В этот момент взгляд его прошелся по «инструментам дознания», которые так и лежали на столе, а затем вновь вернулся ко мне, но уже с некоторой долей жалостливой ухмылки. Мне даже показалось, что его передернуло несколько раз.

— Поверьте мне, Зугумов, — продолжал он после небольшой паузы, — я некоторое время работал здесь.

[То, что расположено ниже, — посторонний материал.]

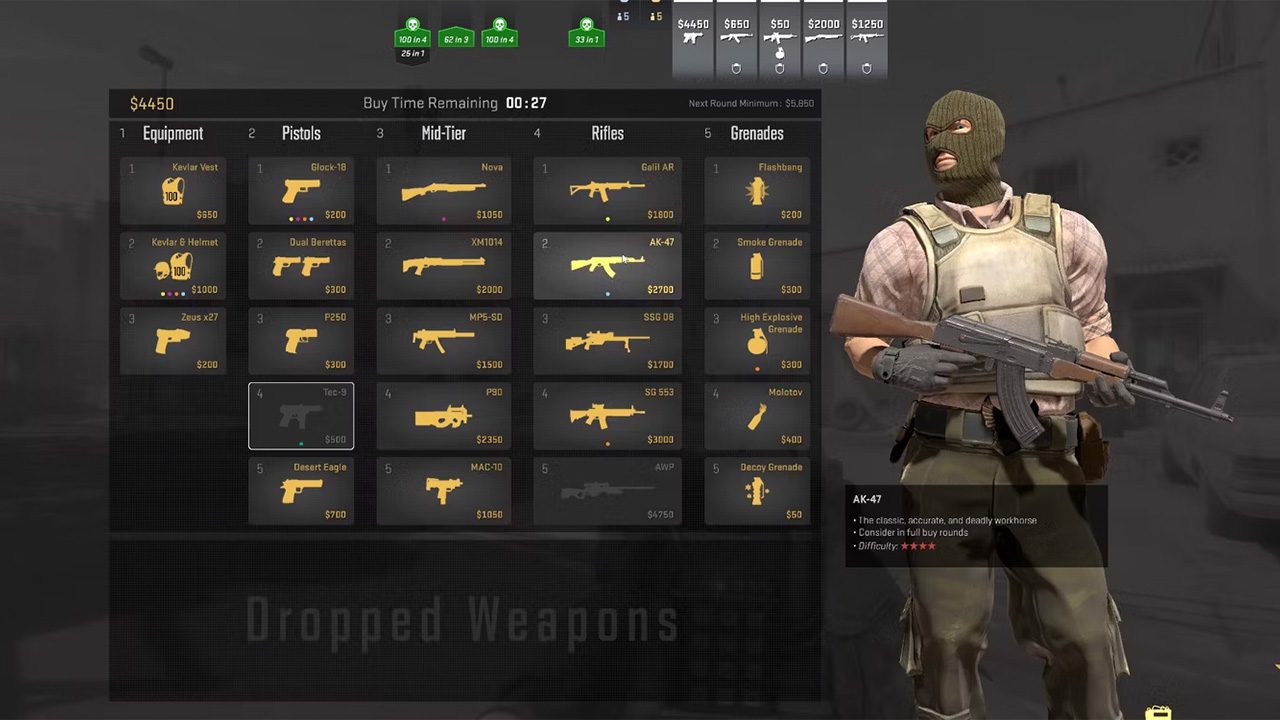 پس از جمع آوری میزان پول مورد نظر، ابتدا به خرید ضروریات، یعنی سلاح اصلی روی آورده و سپس به خرید دیگر تجهیزات بپردازید. مدیریت درست پول در ابتدای بازی میتواند پیروزی شما را تضمین کند. اقتصاد در این بازی روندی دومینو وار دارد.

Как бы парадоксально это ни звучало, но он говорил правду, а смысл его слов я понял немного позже. Дописав наконец последнюю строчку протокола допроса, он спросил у меня, скорей для формальности, чем для самого протокола, буду ли я расписываться и, не дождавшись ответа, хоть его и не последовало вообще, написал: «От подписи отказался», затем, еще раз взглянув на меня и ничего больше не сказав, молча вышел, оставив дверь открытой.

 

Глава 6

Продолжение пыток

Не прошло и минуты, как в кабинет вновь вошел палач с улыбкой дьявола на лице и с ведром воды. Тут я понял, хоть ведро и было полным до краев, что сейчас, скорее всего, и начнутся сбываться слова следователя. К сожалению, я вновь не ошибся. Обладай я еще некоторое время подобного рода проницательностью, и мне в пору было бы заказывать себе деревянный макинтош или, на худой конец, колпак звездочета.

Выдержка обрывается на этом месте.